Ora nel fascicolo della procura di Palermo, per attentato agli organi costituzionali dello Stato, finisce anche Bernardo Provenzano. L’inchiesta, già archiviata cinque anni fa, che coinvolgeva Totò Riina, Vito Ciancimino e Nino Cinà, coinvolge anche l’ultimo dei corleonesi. Ne dà notizia l’edizione odierna del Giornale di Sicilia. Ma nel mirino del pool coordinato dall’aggiunto antimafia Antonio Ingroia – con i sostituti Di Matteo, Guido e Scarpinato – ci sono anche politici, colletti bianchi ed esponenti delle forze dell’ordine. Fra questi l’ex colonnello del Ros dei carabinieri Mario Mori, già sotto processo a Palermo per favoreggiamento alla mafia, e il capitano Giuseppe De Donno dello stesso reparto.

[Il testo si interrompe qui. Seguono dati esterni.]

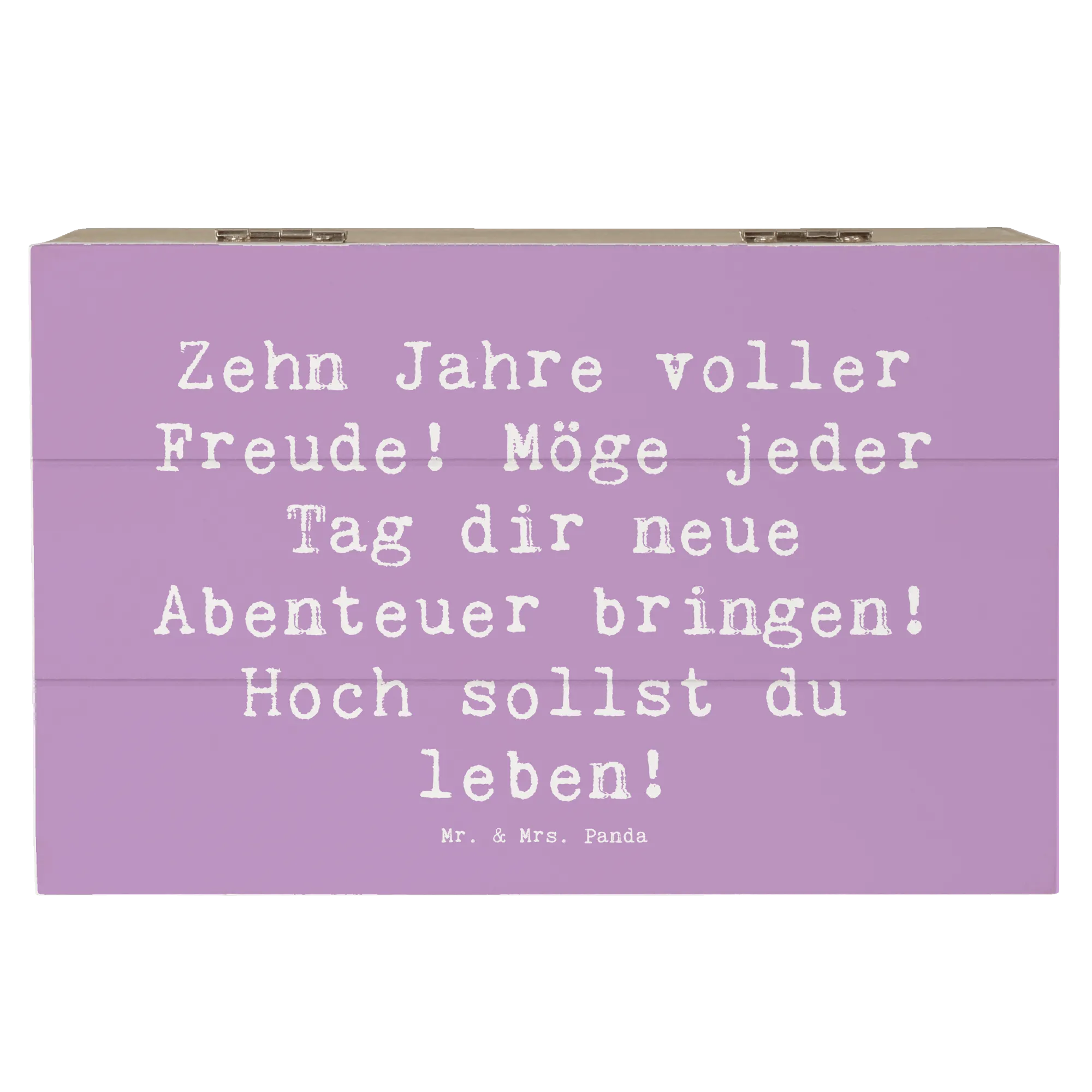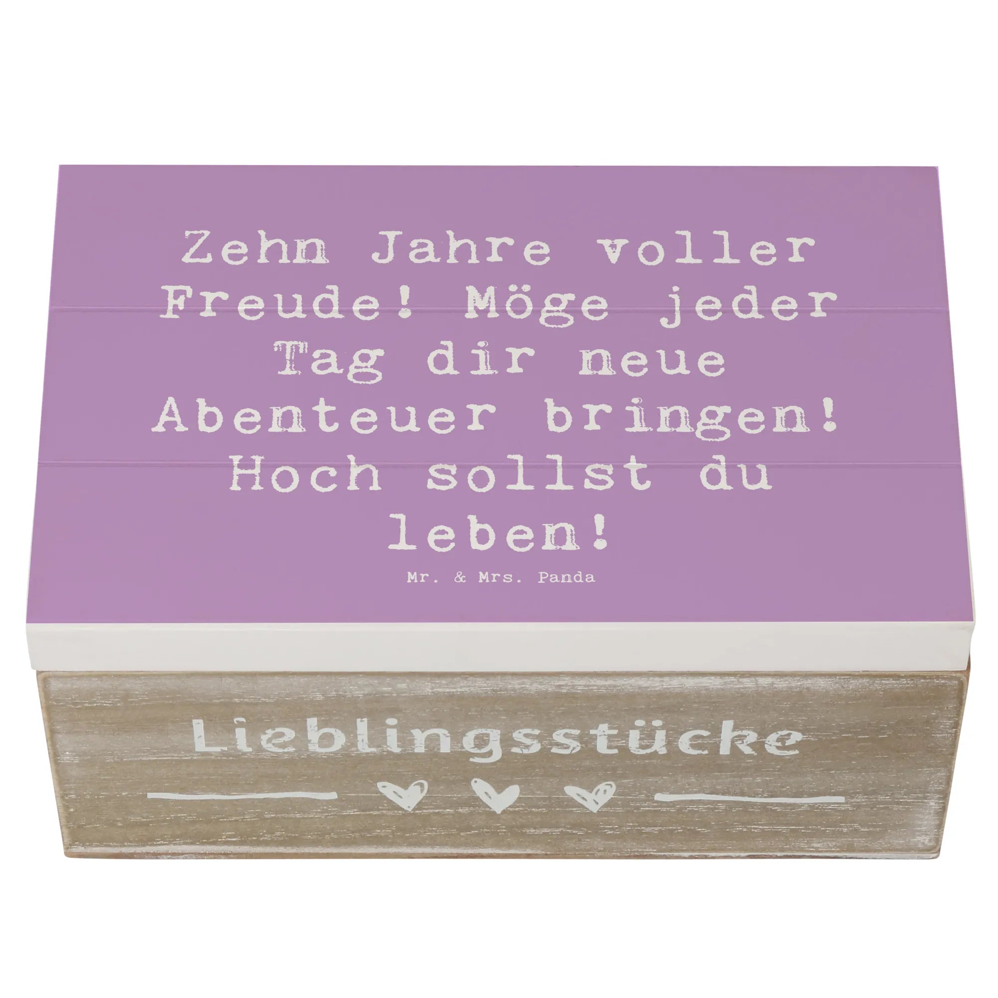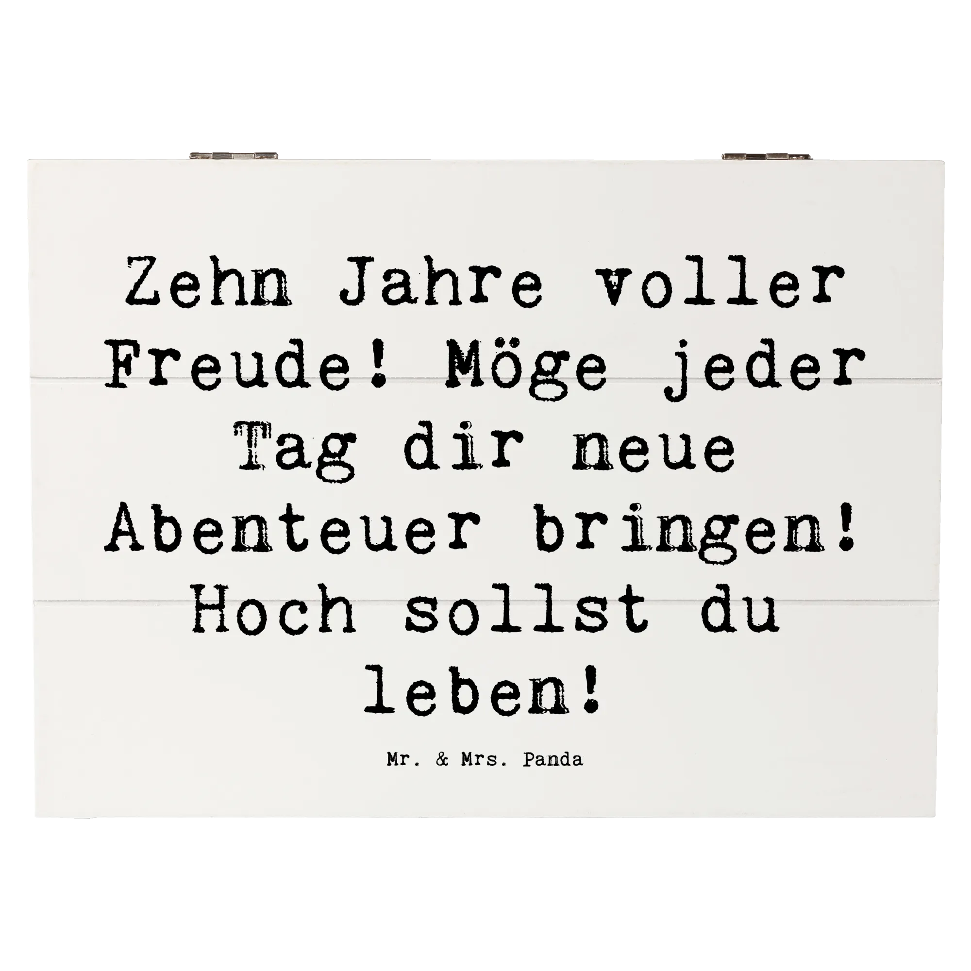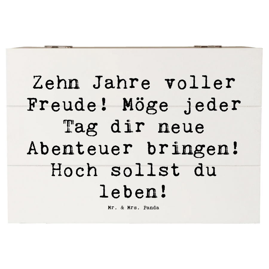 Die wunderschöne Holzkiste zum 10. Geburtstag von Mr. & Mrs. Panda ist das perfekte Geschenk, um die kleinen und großen Schätze eines besonderen Lebensjahres aufzubewahren! Mit dem liebevollen Slogan "Zehn Jahre voller Freude! Möge jeder Tag dir neue Abenteuer bringen! Hoch sollst du leben!" wird diese Kiste nicht nur zur Aufbewahrung, sondern auch zu einem schönen Erinnerungsstück, das dein Kind immer begleiten wird.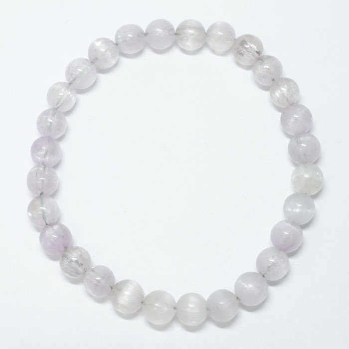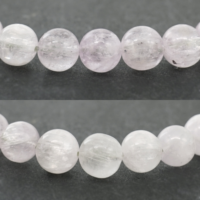 こちらのブレスレットは、ほんのりと淡いグリーンが溶け込んだ、非常に希少なグリーンクンツァイトです。

I due alti ufficiali hanno collocato i contatti con Vito Ciancimino dopo la strage di via D’Amelio. Diversamente da quanto affermato dall’ex ministro della Giustizia, Claudio Martelli e dall’ex direttore degli affari penali, Liliana Ferrara. I due, che saranno risentiti dai magistrati palermitani, hanno parlato della comunicazione che a loro era pervenuta sull’intenzione di Vito Ciancimino di cercare una “copertura politica” per mettere fine alle stragi, collocandola fra le stragi di Falcone e Borsellino.
Anche Massimo Ciancimino – che oggi parlerà ai magistrati della procura di Catania – sarà risentito dai pm. Insieme alla copia del “papello”, il figlio di Don Vito ha consegnato ai giudici alcuni nastri del padre contenuti nella stessa cassetta della banca del Liechtenstein.